I can imagine placing myself in that crowd of horrified, screaming victims of gun violence. I can imagine placing my family and my children there too. I can imagine the hit and the hurt and splattering blood when a bunch of ultra-modern, powerful, lethal bullets pierced through my heart and blanketed my world with one final darkness. In the final moments, I can imagine I was praying to God that my wife and children be left safe. I was only wanting that they be left alone.
In those final moments before my deaths, I imagine I was praying to God that this be the last gun barbarism, ever.
President Obama, contrary to some of his predecessors, always says something that somehow resonates and stays back with you. In fact, he said this today (and so, yes, a very powerful man that he is, his thoughts were not much different from those of me, a very powerless man):
Upon learning the Colorado gun violence news, the president said he thought of his own two daughters.
“My daughters go to the movies. What if Malia and Sasha had been at the theater, as so many of our kids do every day? Michelle and I will be fortunate enough to hug our girls a little tighter tonight, and I’m sure you will do the same with your children,” he said. “But for those parents who may not be so lucky, we have to embrace them and let them know we will be there for them as a nation.”
[Mr. President, I would include some little facts here — facts of lives of very powerful people and their families — like the presence of secret service and combing operations and VIP security and bomb-sniffing dogs and all other such paraphernalia, but I won’t. Because I want to give you the benefit of the doubt. I want to believe you’re being honest about your wife and daughters.]
Congratulations again, President Obama. That’s exactly the type of words that won the hearts of millions of poor and powerless people like me four years ago, around this time. I am not sure what’s going to happen this November; however, if somebody asked me to vote for your calm, poise and eloquence today, you got my vote, Mr. President, one more time.
But I would positively vote for you if you thought about not just Sasha, Malia and Michelle and my children here in America, but the millions of children who’re losing their parents and siblings and uncles and aunts and nephews and nieces every single day — because of bullets shooting out of mighty guns and tanks and bombs dropping out of the wide-open holes of those drones.

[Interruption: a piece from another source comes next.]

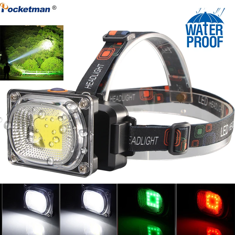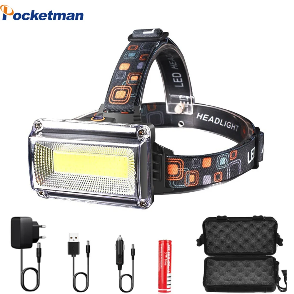 Мощный COB светодиодный налобный фонарь DC перезаряжаемый 3 режима Водонепроницаемый Головной фонарь с 18650 батареей для охоты рыбалки

I would definitely vote for you today if you stopped that violence once and for all. Those children are hurting too. They’re hurting and bleeding and crying and writhing in pain. I can imagine that as well.
With your very sharp mind, critical thinking and eloquence — totally unlike your predecessors — couldn’t you imagine that, Mr. President?
Don’t get me wrong. I am not ever going to take away the grim, dark reality in Colorado today. I am praying for the victims and their families and loved ones. I am shaking in fear. I am not being able to sleep tonight: just the same way I could not sleep when Columbine, Northern Illinois, Virginia Tech happened. I could not sleep when Trayvon Martin was killed this February. I am bleeding deep inside. I am imagining over and over, again and again, myself and my family and children in the middle of that barrage of bullets in that movie theater today.
But President Obama, you have not done anything to stop this gun barbarism here in America, either! In fact, you refused to do anything about it.
With your indifference, gun lobbies and gun markets and NRA’s have flourished even more in these four years. All of these powerful people and organizations are now likely working for your defeat this November. So, wake up!
With your indifference and support from your own administration and political allies for gun lobbies, gun violence has spiraled out of control. So, wake up, would you?
Gun has no place in a civilized society. In no other place in the world — First World or Third World — free guns have taken so many innocent lives.
No other country in the world — First World or Third World — media and movies and video games have glorified violence, killing and guns and bombs. Don’t you get it: this violent mindset is a direct result of that glorification! Would you please wake up?
President Obama, think about your powerful children and family, and think about our powerless children and families. And think about those millions of hapless children and families all over the world.
Stop this violence now! Stop this barbarism!
That’s all I wanted to pass on tonight. I hope you take it seriously.
I normally do not get emotional about a movie icon.
But this Fourth of July, I can’t keep emotions totally out of my system. Because I’m writing about an icon who I thought was somebody I could remember for the rest of my life. This is someone who makes me happy every time I think about him and watch his shows. He gives me reasons to believe in sanity, moderation, common-sense life and human compassion. He gives me reasons to love and keep faith in love.
I am writing about Andy Griffith. I’m trying make a connection between him, Middle America and yes, the Fourth of July.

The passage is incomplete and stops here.